Macroscopic Quantum Self-Trapping in Dynamical Tunnelling

TL;DR

This paper explores how nonlinear interactions in a driven Bose-Einstein condensate can suppress or re-enable dynamical tunnelling between resonances, revealing phenomena analogous to spatial self-trapping but in a temporal context.

Contribution

It introduces a two-mode model explaining dynamical self-trapping in driven BECs, extending understanding of nonlinear tunnelling phenomena beyond spatial double-well systems.

Findings

Tunnelling is suppressed above a critical nonlinearity.

Re-emergence of tunnelling occurs at certain parameters for large nonlinearities.

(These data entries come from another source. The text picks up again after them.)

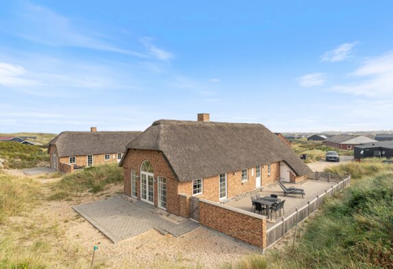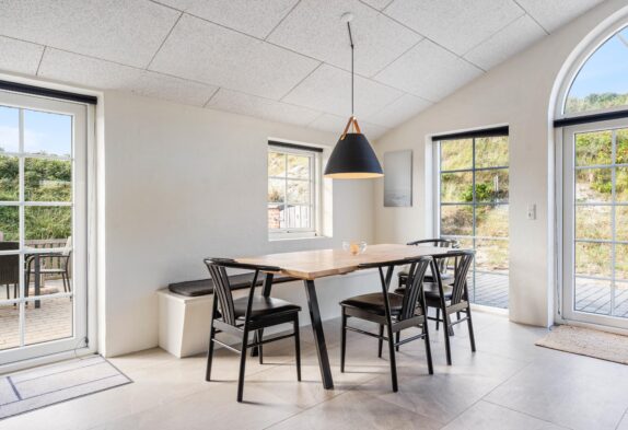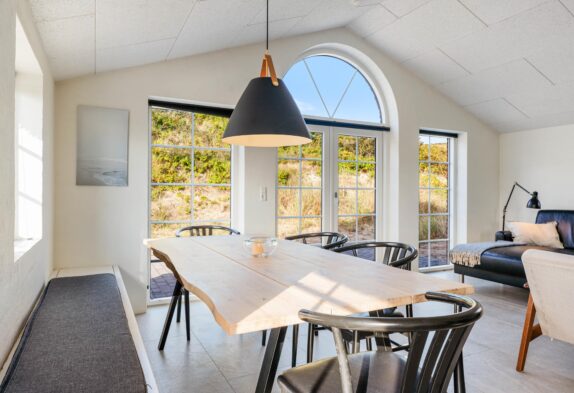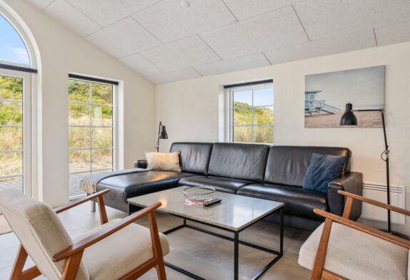 De store vinduer i stuen giver et flot lysindfald, og udsigten til klitterne kan blandt andet nydes gennem det store vestvendte vinduesparti, hvor der også er lagt op til muligheden for at nyde de fantastisk smukke solnedgange. Fra stuen er der udgang til både en sydvendt og vestvendt fliseterrasse, og med sommerhusets skønne beliggenhed i første klitrække er havets brusen også inden for hørevidde.
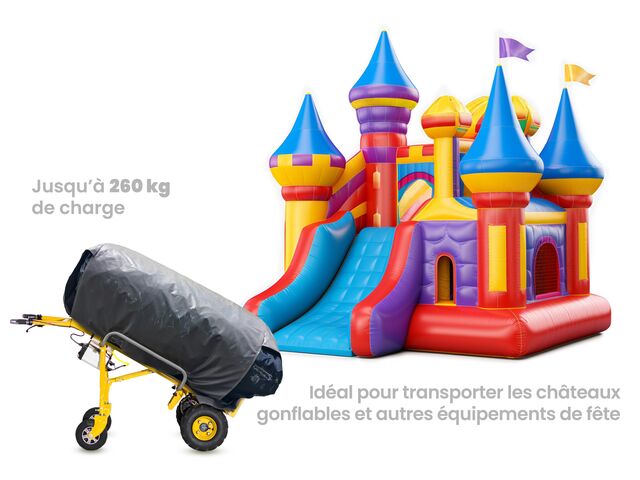 Chariot de transport motorisé polyvalent motorisé avec batterie au lithium rechargeable, pour le transport de cartons lourds, de caisses, de machines, d'appareils électroménagers, chateaux gonflables, meubles de jardin, etc.
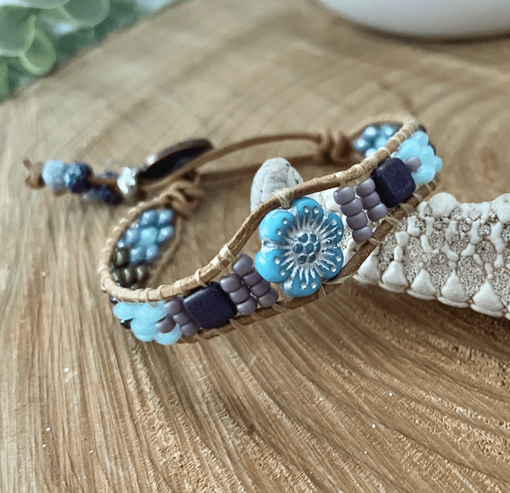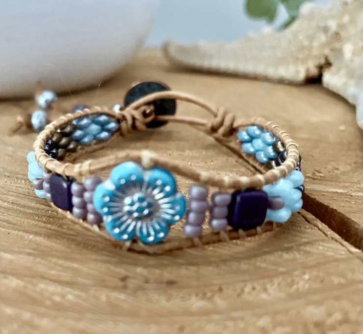 To create this design I have lovingly woven a selection of Czech Super duo, Czech mate tiled beads and tiny seed glass beads onto 1.5 mm soft Italian leather cord. In the centre a Blue Czech Hawaiian flower bead proudly sits. Czech beads are considered to be of the highest quality for durability and depth of color.
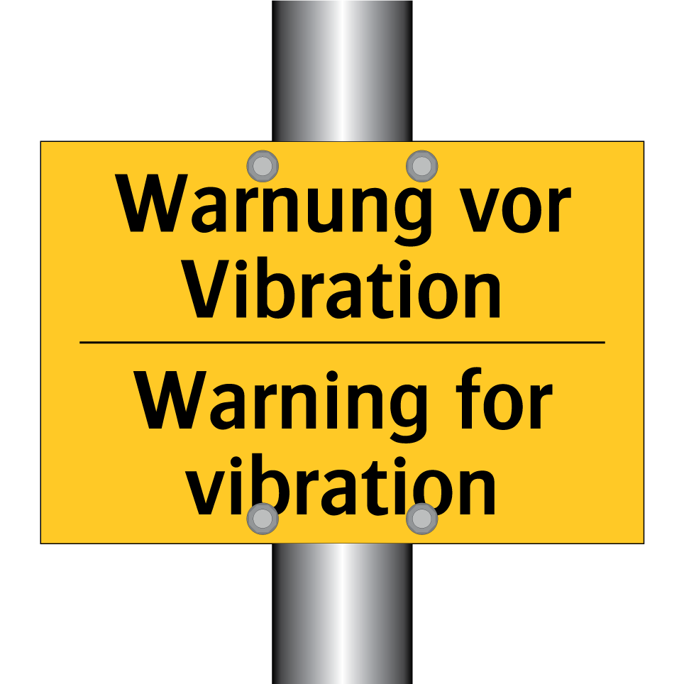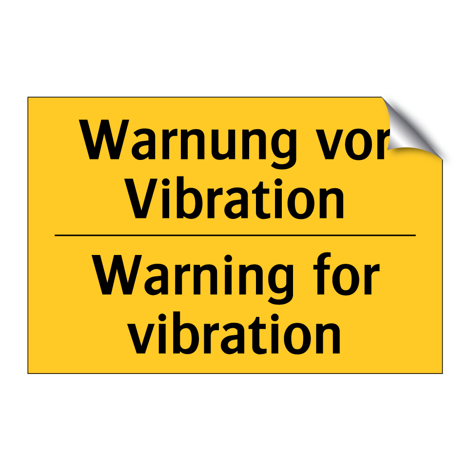 Zweisprachiges Warnschild mit deutschem Text Warnung vor Vibration und englischem Text Warning for vibration

A two-mode model accurately describes the observed effects.

Abstract

It is well-known that increasing the nonlinearity due to repulsive atomic interactions in a double-well Bose-Einstein condensate suppresses quantum tunnelling between the two sites. Here we find analogous behaviour in the dynamical tunnelling of a Bose-Einstein condensate between period-one resonances in a single driven potential well. For small nonlinearities we find unhindered tunnelling between the resonances, but with an increasing period as compared to the non-interacting system. For nonlinearities above a critical value we generally observe that the tunnelling shuts down. However, for certain regimes of modulation parameters we find that dynamical tunnelling re-emerges for large enough nonlinearities, an effect not present in spatial double-well tunnelling. We develop a two-mode model in good agreement with full numerical simulations over a wide range of parameters, which allows the suppression of tunnelling to be attributed to macroscopic quantum self-trapping.